とてつもなく大量に魔力をこめた『剣』を勢いよく振りかぶり、

その時に発生した剣圧と共に魔力も同時に放ち、瞬間的に爆発的な威力を与える。

発動に時間がかかるのが難点だが、まぁ咄嗟に考えた技にしては上出来だ。

うまくいけばさらなる応用ができるかもしれない。

―――と、今はそんなことよりも。

「早くリティ達の所へ急ぐとしようぜ!」

と言うシヴルの言葉に

「ああ、急ごう!」

とエゼクは応えた。

二人はもう一度、ルカ達が立ちあがってこないかと軽く確認した後、

『格納庫』―――今、危険がせまっていると思われるリティ達の元へと足を急がせた。


「ううう…こんちくしょう…ですわ…」

痛みに呻きながら、ルカがとても女の子が口にしてはいけないであろう言葉をこぼした。

こんな筈…こんな筈では…!!

まさかすでにあそこまで『剣』を使いこなしているとは…!

このままでは撤退しても、恥をさらすだけである。

「…くっ……タルシス…フィム…っ!!」

そう言いながら、なんとかルカは立ちあがった。

タルシス、そしてフィムもふらつきながらもそれに続く。

「このままでは…終わらせま、せんわよ……!!」

ギリリ、と噛みしめた唇から、ツンと鉄の味が口の中に拡がった。



『紫電の槍よ、貫け! ヴォルテックランス!!』

手の平から発生した雷の槍が、数体の生物クリーチャーを一列に貫く。

『…流れる旋律、流れ、流れよ、流し尽くしてしまえ! ウォーターハーモニー!!』

タクトから流れる魔法物質イデアが魔力に変換され、

それが怒涛に流れる流水のごとく、生物を飲みこんでいく。


ウァァァアアあぁァァァあっぁぁぁァアアぁァァああ……!!


攻撃を重ねるごとに、生物は痛々しく悲鳴を上げる。

それに、この生物は元は自分たちと同じ人間なのだ…。

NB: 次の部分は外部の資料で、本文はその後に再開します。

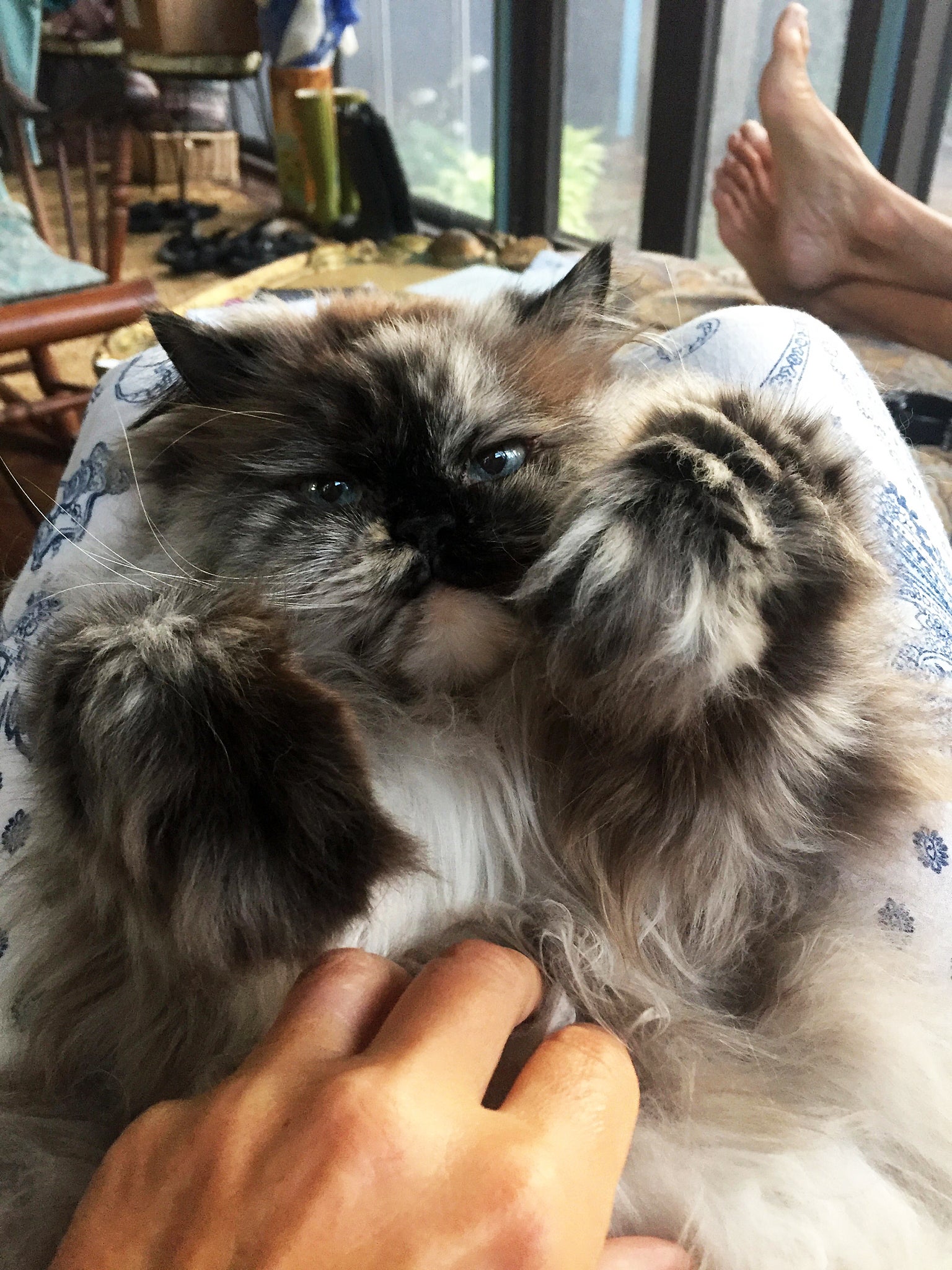 When I adopted Buck, I had no idea how lucky I was. He might be a little guy, but with Buck, our family has had big fun. He has charmed many friends, both young and slightly less young. In Austin, we had a house of cat lovers and Buck was Mr. Congeniality, with six ladies eating out of his paw. Our building manager describes him as “so cute and friendly.” She even asked if she could eat lunch in our apartment sometimes just so she could visit Buck.
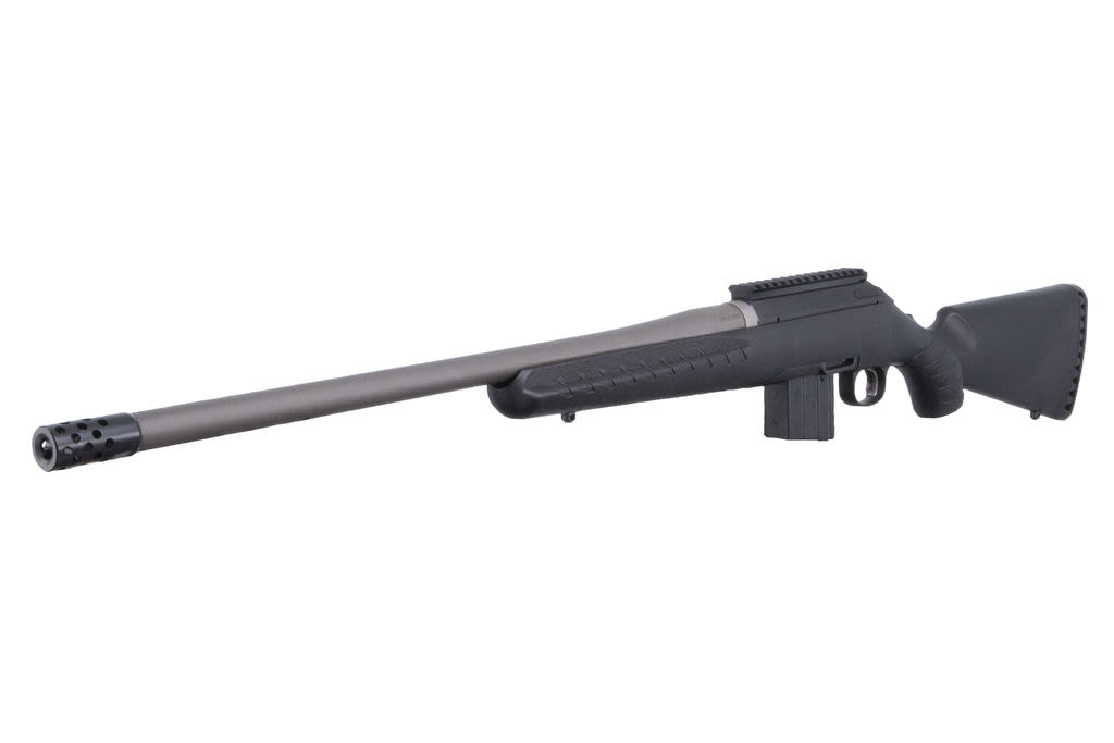 The Ruger American Rifle® Predator is built with innovative designs and modern materials to provide shooters with a practical and cost-effective bolt-action rifle, meant for serious long-range shooting. Ruger designed the Marksman Adjustable™ trigger for the American Rifle to be user adjustable for weight-of-pull. The Marksman trigger is light and crisp, allowing for precision shooting. The stock is constructed from rugged composite with grooves and texturizing on the pistol grip and fore-end, which provide a solid, non-slip grip in any hunting environment. The stock features molded-in Power Bedding® recoil/bedding blocks to rigidly attach the barreled action to the stock and free-float the barrel. A soft rubber recoil pad absorbs recoil considerably. The Predator model features a heavier tapered barrel to aid in long-range shooting, and is threaded (5/8''-24). The barrel is cold hammer-forged, resulting in ultra-precise rifling for exceptional accuracy. A 3-lug bolt design with a 70 degree bolt lift provides plenty of clearance between the bolt handle and the riflescope. A 2-position tang safety is easily accessible and quick to operate by both right- and left-handed shooters; the bolt can be cycled for loading and unloading the rifle with the safety engaged. A cocking indicator at the end of the bolt can be seen and felt. This American Rifle Predator model comes with one detachable, ultra-reliable, flush-fit magazine, adding to the rifle's ease of handling. The receiver is drilled and tapped with a factory installed, 1-piece aluminum, sight rail. Made in USA.
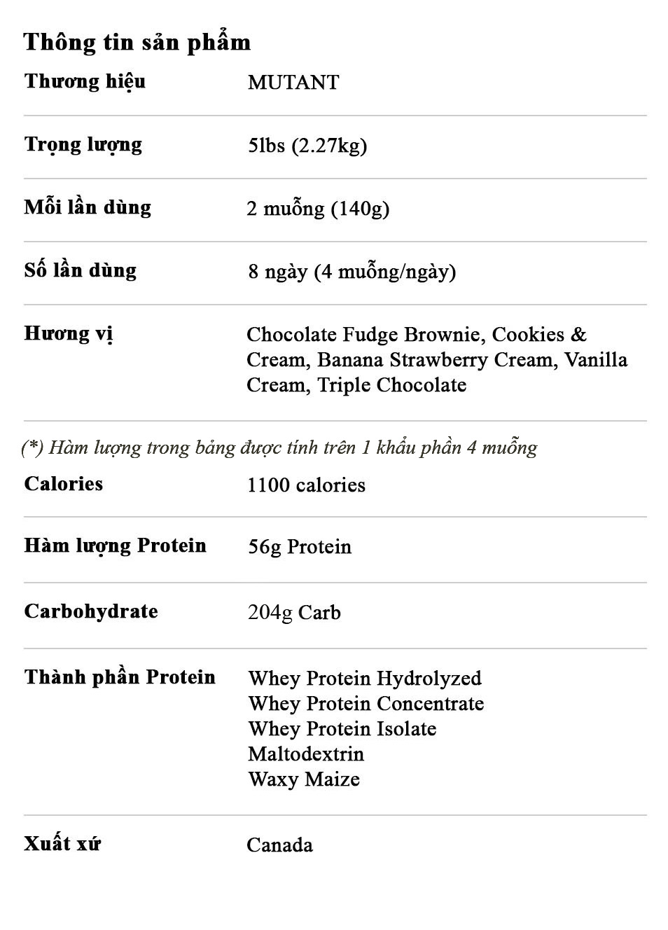Trên thị trường có rất nhiều dòng sản phẩm Mass Gainer nhưng không phải ai cũng có thời gian tìm hiểu kỹ lưỡng từng sản phẩm và có kiến thức lựa chọn được 1 sản phẩm tốt cho mình, đúng với mục đích của bản thân. Một serving Mutant Mass cung cấp cho bạn 1100 calories, 55g protein và hỗn hợp tinh bột cùng chất béo có lợi với MCT's kèm thêm Glutamine, Cinnulin PF® chiết suất từ quế, bột hạt lanh và sữa non nhằm nâng cao hiệu suất tăng cân, tăng cơ bắp và phục hồi cơ bắp của Mutant Mass. THÀNH PHẦN CHÍNHTrọng lượng: 5 lbs ~ 2.3 kg Số lần dùng (servings): 8 ngày (4 muỗng/ ngày) Thành phần chính:
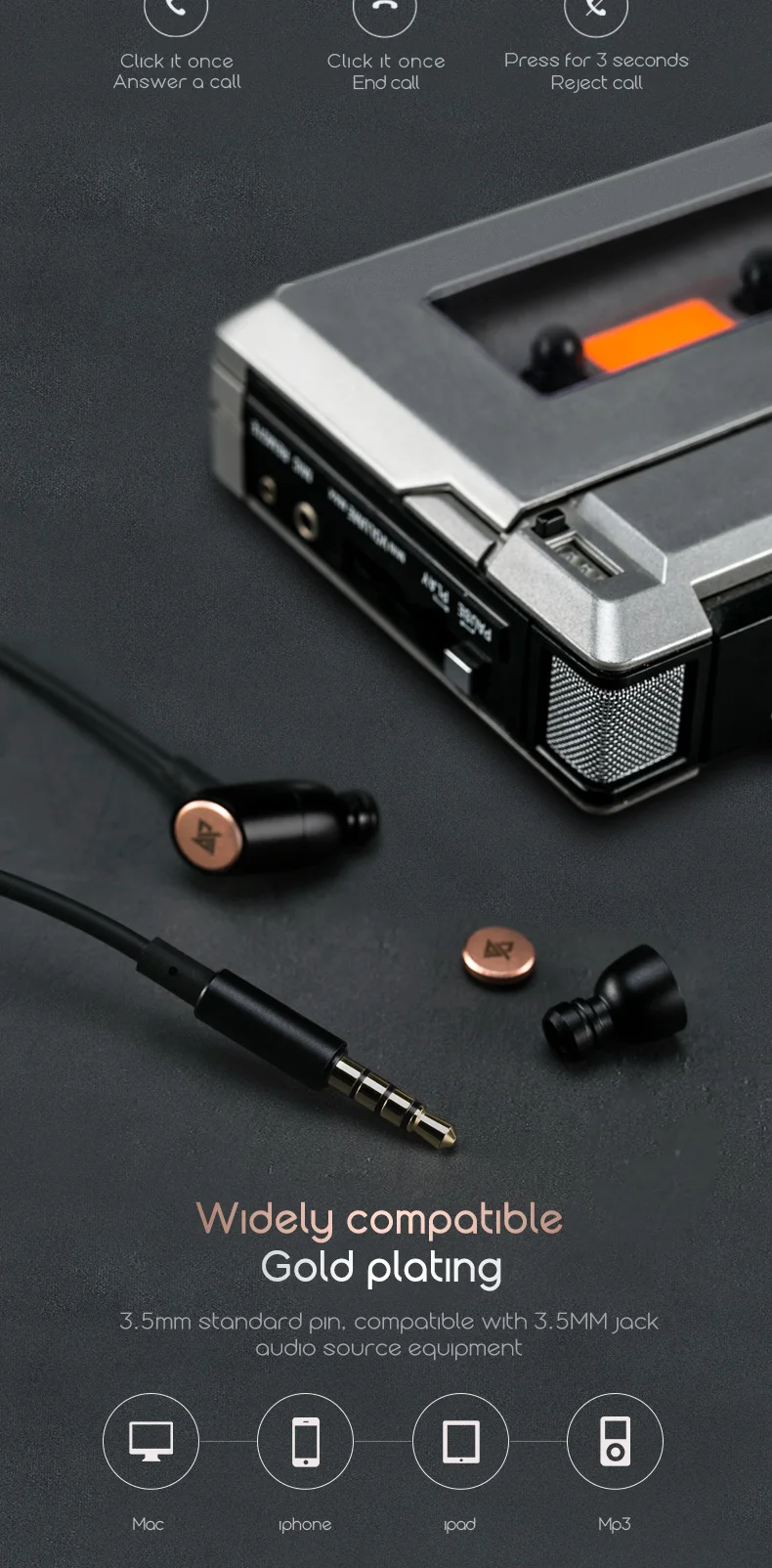Newest AUGLAMOUR T200 6mm PET Crystal Diaphragm Moving Coil Wired in ear earphone HiFi Headset Earbuds With Microphone
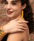 Style Tip: These gold plated earrings are the best dramatic statement looks with your hair pulled back. Pair it with the Gulya ring for added drama and flair!
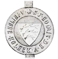 Graf Friedrich von Veringen | „S • F • COMIT • DE • V • RECTOR • ECCLIE • I • V •“ | Graf Friedrich von Veringen, Kirchherr in Veringen 1357–1385. Das Siegel ist auf einer Urkunde aus dem Jahre 1357. |
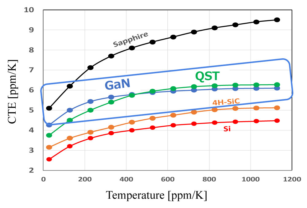 QST基板の最大の特長は、図5に示すように、広範囲な温度で、GaNとCTEが近いことであり、以下のような多くの優位性をもつ。

攻撃をする手にも思わず、抵抗が入ってしまう。

「…っ!! ……っう!!!」

リティはつらい表情を浮かべつつ、術を生物にぶつける。

彼女にとってはかつては共に過ごした『子供達』である。

それを攻撃しなくてはならないなど、一体彼女は今どんな気持ちなのだろうか。

できれば殺したくはない。だが殺さなければこちらが殺され、喰われる。

あまりにも残酷で非常としか言えぬ選択。

それはリティだけではなく、エンゼットやミューゼにとっても同じことだった。


「(シヴル…早く…早く来てくれ…っ!!)」


かつて人間だった存在を殺す、それは虐殺とも言い切れないこの瞬間。

それは彼らの想いを無視して、今もなお、続く。